*DATA TO EXAMINE:*
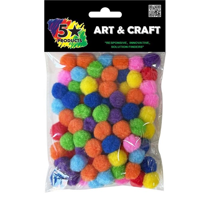 A 100pc pack of brightly coloured pom poms 2cm in diameter. Great for Art and Craft projects.
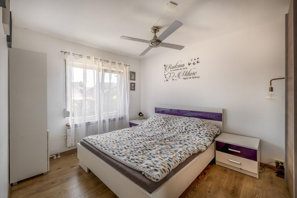 De overloop biedt toegang tot drie slaapkamers (ca. 7,5m², 10m² en 11,5m²), allemaal voorzien van laminaatvloeren. De badkamer is compact maar praktisch en uitgerust met een douche en wastafelmeubel.
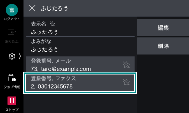 ファクスとインターネットファクスの操作画面では、ファクスとインターネットファクスの宛先の両方がアドレス帳に表示されます。機械管理者モードで
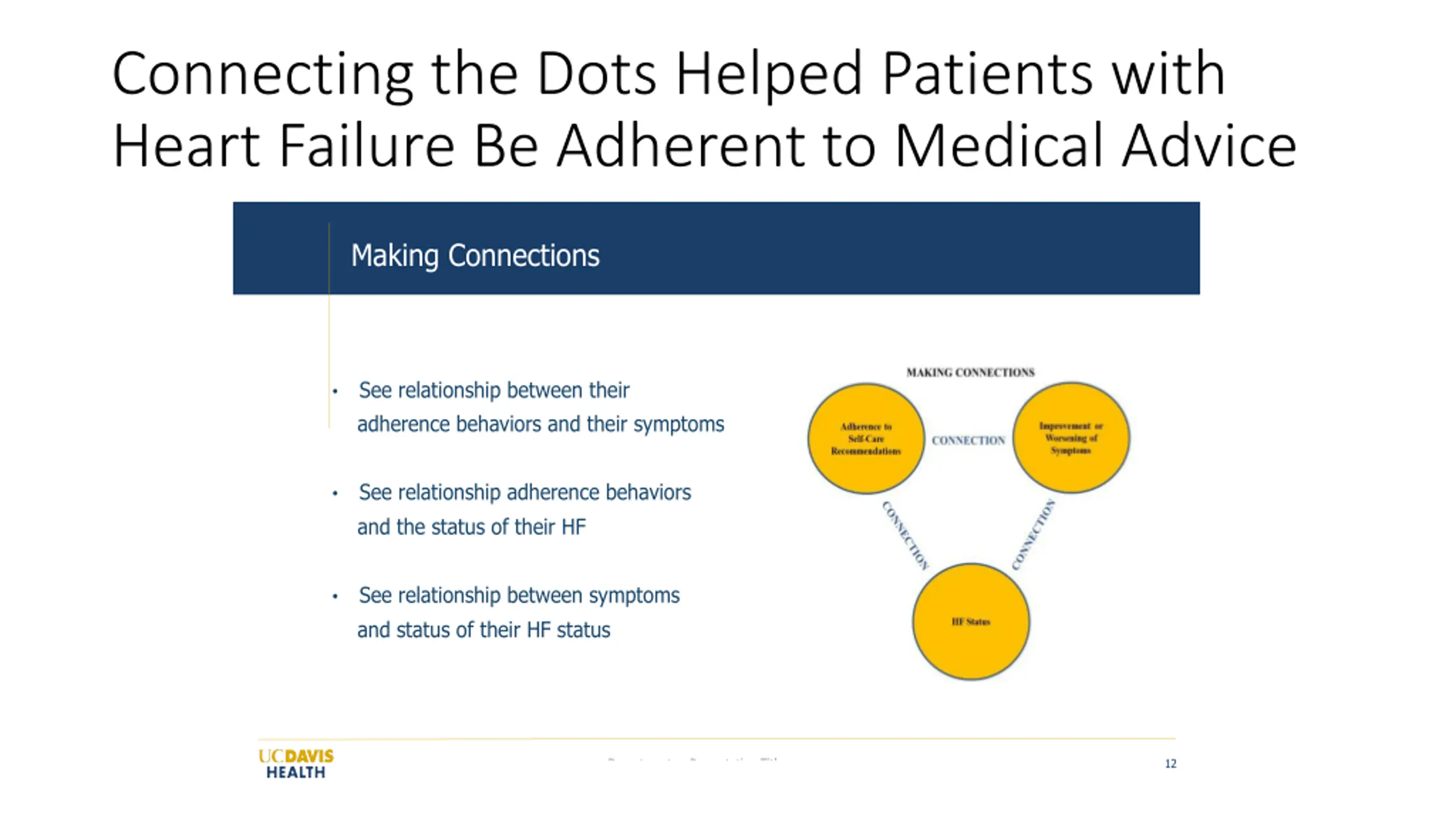 Connecting the Dots Helped Patients with Heart Failure Be Adherent to Medical Advice Making Connections See relationship between their adherence behaviors and their symptoms See relationship adherence behaviors and the status of their HF See relationship between symptoms and status of their HF status Department or Presentation Title 12
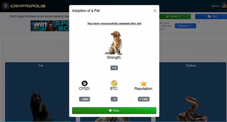 @ Pet - Successfully purchased a pet, a dog.

*ABOUT THIS EXERCISE:* Say again, word for word, every line from the one with "Connecting the Dots" through the last line of the data above, minus the pictures.

*ANSWER SECTION:*
 Connecting the Dots Helped Patients with Heart Failure Be Adherent to Medical Advice Making Connections See relationship between their adherence behaviors and their symptoms See relationship adherence behaviors and the status of their HF See relationship between symptoms and status of their HF status Department or Presentation Title 12
 @ Pet - Successfully purchased a pet, a dog.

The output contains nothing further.